Q: When will DHCS release additional guidance (specific timelines and processes) related to the Community Reinvestment program and Appendix B submission requirements? 

A: DHCS will issue additional guidance and documentation on the Community Reinvestment program and submission requirements, however a specific release date has not yet been established. Updates will be communicated to MCPs once available. ​

Q: What are the immediate ​​deliverables for MCPs under the Community Reinvestment requirement? 

A: At this time, MCPs should have already updated th​​eir Policies and Procedures (P&P) to reflect Community Reinvestment requirements, as required within 90 days of the policy release. The next deliverable required will be the initial Community Reinvestment Plan based on Calendar Year (CY) 2024 net income. This deliverable will be due in early Q3 2026. DHCS will provide additional information on this submission process by Q2 2026.   

Q: Regarding the initial Community Reinvestment plan, can you confirm whethe​​r MCPs should submit a two-year plan for 2025–2026 a​nd align with the​​ three-year cycles going forward, or if the first cycle will begin in 2027?

A: MCPs are not required to submit a Community Reinvestment Plan for the 2025-2026 period. The first deliverable will be the Initial Community Reinvestment Plan due in Q3 2026, based on 2024 net income. This initial Commu​​​nity Reinvestment Plan will cover a three-year investment period from 2027-2029, which will be the start of the first cycle. DHCS will issue preliminary funding obligations annually in early Q2; for CY 2024, this will occur in early Q2 2026.  MCPs must submit updated Community Reinvestment Plans annually in Q3 to reflect how funds will be allocated to existing or new activities. 

Q: How will DHCS​​ provide technical assistance for Community R​​einvestment, and when will MCPs be able to ask questions? 

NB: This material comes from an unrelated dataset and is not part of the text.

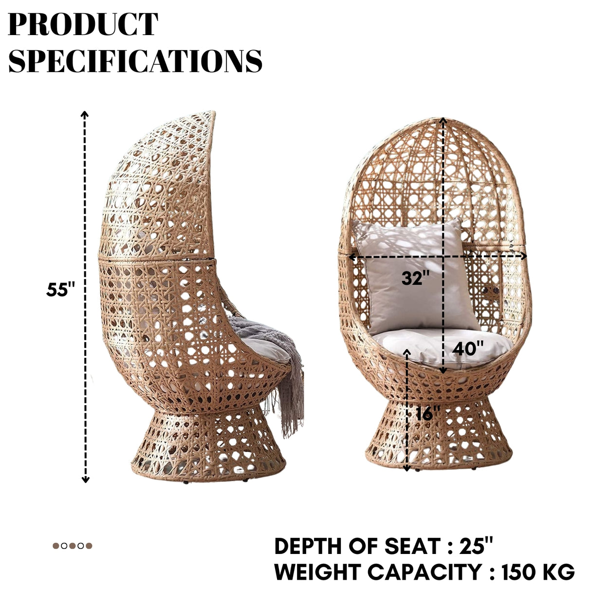 Elevate your outdoor living with this Beige Rattan Wicker Cocoon Chair, a perfect blend of style, comfort, and durability. Handwoven with premium all-weather rattan in a timeless beige finish, this cocoon chair creates a cozy retreat for relaxation on the garden, deck, lawn, poolside, or balcony. Its spacious design and soft cushions provide cloud-like comfort, while the sturdy powder-coated frame ensures stability and long-lasting use. Designed to withstand outdoor elements without compromising on elegance, this chair enhances any space with its modern yet inviting look making it an ideal choice for discerning homeowners who value both functionality and aesthetics.

A: DHCS plans to provide guidance and support through an upcoming MCP-focused webinar, followed by an All-Comer webinar for all stakeholders. The FAQs will be periodically updated to answer addi​​tional questions. MCPs are encouraged to continue submitting specific questions to the MCP’s MCOD Contract Manager. DHCS will address these questions on a case-by-case basis.  

Community Reinvestmen​​t Planning 

Q:  What are the requirements for MCPs in the first year of operation in a given county? What are the requirements if the first year of operation is 2024 and the MCP has negative net income in CY 2025? 

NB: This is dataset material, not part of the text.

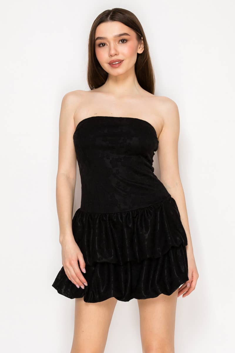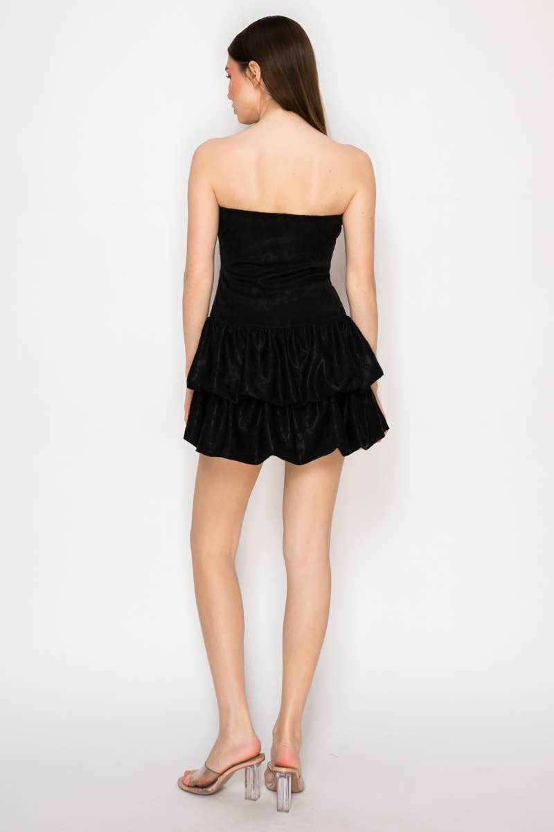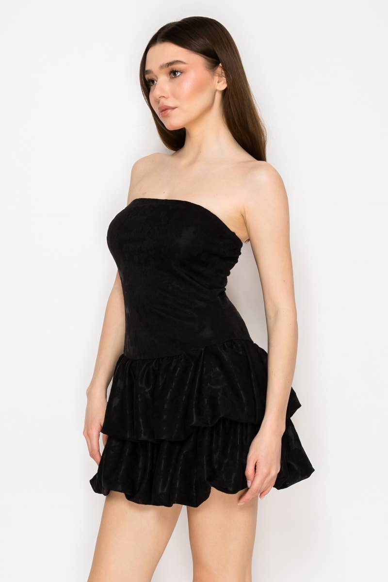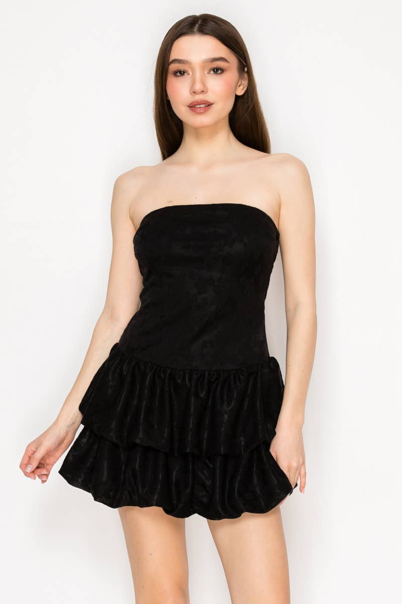 * Turn heads in this effortlessly chic strapless mini dress, featuring a soft cream hue and subtle floral jacquard texture. The form-fitting bodice hugs your curves in all the right places, while the double-tiered ruffle skirt adds playful movement and feminine flair

A: An MCP in its first year of operation in a given county is subject to Community Reinvestment beginning the following year in that county. For example, an MCP in its first year of operation in a given county in CY 2024 will be subject to Community Reinvestment requirements based on the MCP’s CY 2025 net income and CY 2025 MCAS measure performance. If the MCP has negative net income in CY 2025 and there are no Qualifying Subcontractors with positive net income for CY 2025, the MCP is not required to submit a Community Reinvestment Plan in Q3 CY 2027 based on CY 2025 negative net income.    

Q: If an MCP had no net income in CY 2024 or is newly operating in a county and therefore becomes subject to Community Reinvestment requirements beginning in CY 2025, will it follow a full three-year investment cycle or a shortened (two-year) cycle? 

A: MCPs subject to Community Reinvestment requirements beginning in CY 2025 will have a shortened investment cycle and will submit a two-year or one-year Community Reinvestment Plan, as applicable, once positive net income is reported in a subsequent year within the investment period. This is consistent with the timeline established in Section VII of the APL. For example, if an MCP or a Qualifying Subcontractor has positive net income for CY 2026, they would receive their reinvestment obligation from DHCS in Q2 2028 and would be required to submit a one-year Community Reinvestment Plan in Q3 2028 for proposed investments exhausted by the end of CY 2029. 

Q: How can MCPs effectively identify funding opportunities for their Community Reinvestment Plan that aligns with funding obligations or impactful CHIP-related activities? 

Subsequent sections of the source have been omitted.